Costello: Shortly after the school shootings in Newtown, Conn., in your online column you quoted David Wheeler, the father of a 6-year-old who was killed there, as saying, “This time around, I promise there will be change.” But a bipartisan effort to expand background checks on gun sales failed in the U.S. Senate last spring. What would you tell Mr. Wheeler about why his promise hasn’t been fulfilled?

Edelman: Change is very hard in Washington, and it seldom happens on the first time or the second time. You have an incredibly powerful opposition — even if it does not reflect the professed majority sentiment of this country. The NRA never gives up, and the gun manufacturers never give up, and they’re well-funded.

But I’m not unhopeful when I look at what has happened in Connecticut and Colorado and New York State [all of which passed gun-control laws after the Newtown shootings, in December 2012]. The momentum hasn’t died. We’ve just gone back to regroup. I’m still more optimistic since Newtown than I’ve ever been. The organizing is going to continue. The parents are absolutely determined their children will not have died in vain.

 

Costello: If you would write your own lyrics to Imagine, John Lennon’s song about a better world, what would they be?
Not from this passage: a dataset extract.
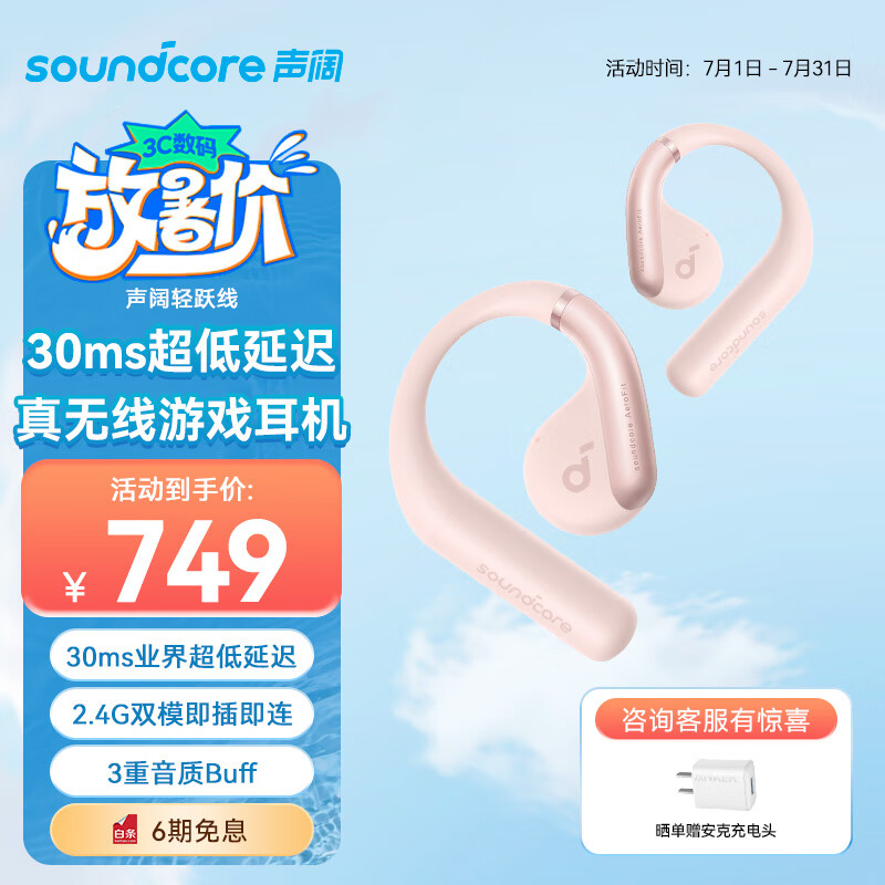 声阔轻跃线云感不入耳蓝牙耳机AeroFit开放舒适佩戴42H续航无线办公运动跑步不漏音适用苹果华为手机粉价格:745.00元!

Edelman: I’d like to imagine a world where every child is healthy, where every child is educated and has a good early start. Where every child is safe in their home, walking down their street and being who they are. That every child can dream. I did a piece for The Huffington Post on my friend Nobel Peace Prize winner Muhammad Yunus, who envisions a world where poverty would be visited in a museum and we wouldn’t see it anymore in our lives. That’s what I would imagine.

 

Paul Costello is the chief communications officer for the School of Medicine. This interview was condensed and edited by Rosanne Spector.